The Yippie Museum Cafe and Gift Shop
Abbie Hoffman used to say, "A Yippie is a hippie who's been beaten up by the cops." The Youth International Party began at a fueled New Years Eve party at Abbie's place in the East Village. They tossed money at the Stock Exchange, tried to levitate the Pentagon and held a Festival of Life in Chicago to protest a political convention in 1968. The ensuing police riot and conspiracy trial catapulted Abbie Hoffman and Jerry Rubin into the daily headline for years.
The Yippies persisted through the 1970s and 80s though Abbie and Jerry followed other pursuits. (Abbie went underground; Jerry went Wall Street). They protested at political conventions, marched against Reagan's secret wars, and ran Rock against Racism concerts. The Supreme Court flag-burning case began at a Yippie organized march. A hard-core of Yippie activists continue to this day, working on law reform and protesting the wars of the 21st Century.

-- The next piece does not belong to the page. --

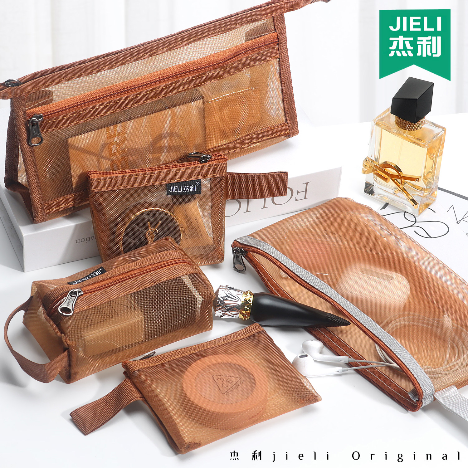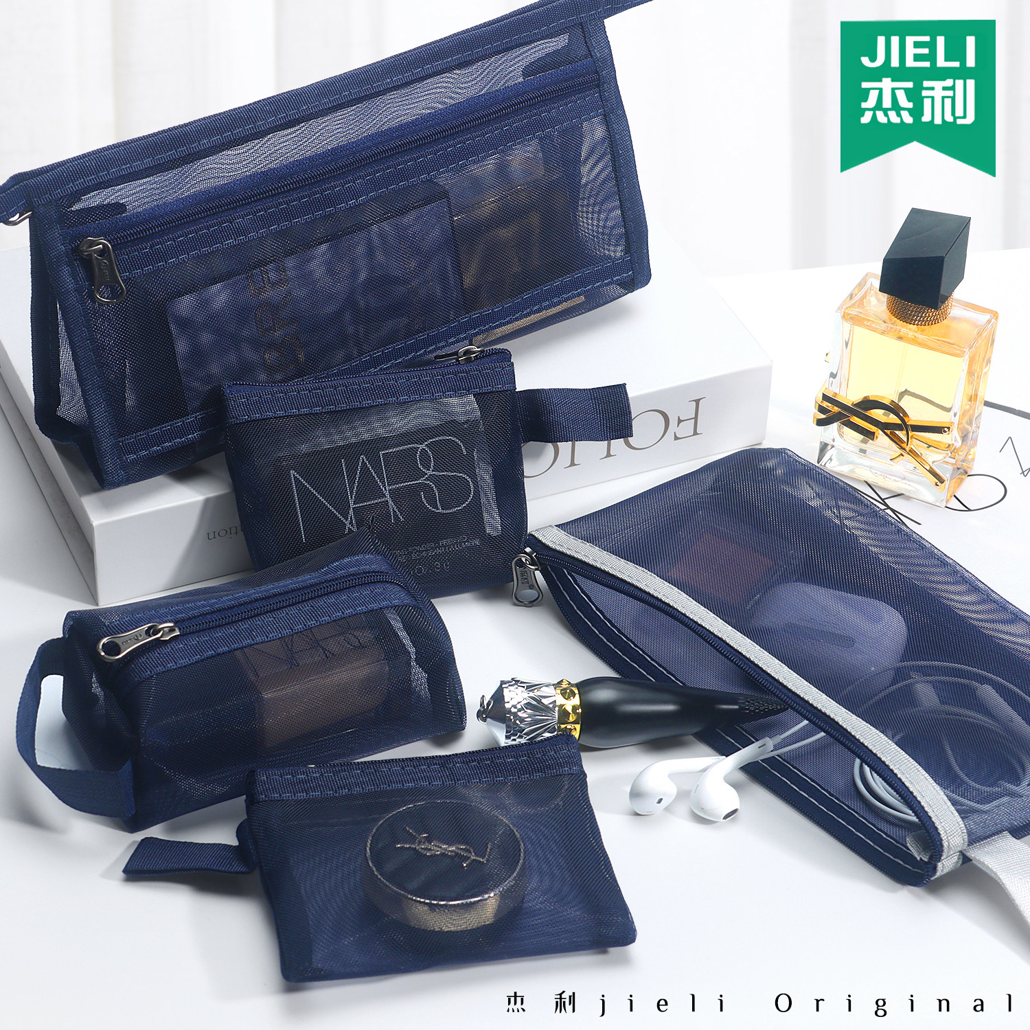 杰利网纱收纳袋套装化妆小袋便携学生透明拉链袋女生高颜值收纳小袋口红银行卡包身份证钥匙包充电线耳机袋

The Yippie Museum and Cafe opened in January 2007, with revolutionary poet and counterculture icon John Sinclair and friends playing music and reading their work. Dedicated to the history of the Yippies - the Youth International Party - and the political counterculture, the museum and cafe is open to the public and hosts book parties, poetry readings, film festivals, and video screenings and has live music - jazz, folk, blues - on weekends (available for private parties).